36. A method for delivering a therapeutic agent to a specific tissue in a subject, comprising:

(a) isolating a peptide tag by:

(i) contacting a DSP composition with a tissue-specific peptide comprising a peptide selected from complement component C3, apolipoprotein A-1 preproprotein, apolipoprotein A-II preproprotein (apolipoprotein D), complement component C4A, trypsin inhibitor, inter-alpha-trypsin inhibitor family heavy chain-related protein (IHRP), alpha-1-B-glycoprotein, alpha-1-antitrypsin, apolipoprotein A-IV, ceruloplasmin, unnamed protein product (NCBI Locus/Accession No. CAA34971), apo lipoprotein E, complement factor B, prealbumin, apolipoprotein C-III, alpha2-HS glycoprotein, apolipoprotein J precursor, Chain C, Immunoglobulin M, immunoglobulin lambda light chain, Coagulation factor II (thrombin), Ig kappa chain V-III (KAU cold agglutinin), apolipoprotein J precursor, Ig A1 Bur, histidine-rich glycoprotein precursor, Alpha-2-HS-glycoprotein, gelsolin isoform a precursor, inhibitor Kunitz type proteinase, unnamed protein product (NCBI Locus/Accession No. CAA28659), and Ig J-chain; and

(ii) separating peptides that bind to the tissue-specific peptide from the mixture;

(b) coupling the peptide tag to a therapeutic agent; and

(c) administering the conjugate to a subject.
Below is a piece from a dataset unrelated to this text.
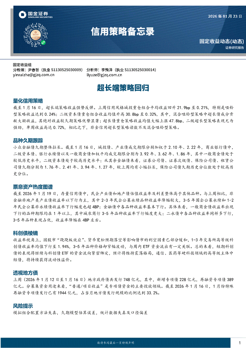 国金证券-信用策略备忘录:超长端策略回归-260123

37. The method of claim 35, wherein the therapeutic agent is a small organic molecule or a biological macromolecule.

38. The method of claim 35, wherein the tissue is brain, lung, or liver tissue.

39. The method of claim 35, wherein the peptide tag is coupled to the therapeutic agent by a covalent bond, inclusion complexes, ionic bonds, or hydrogen bonds.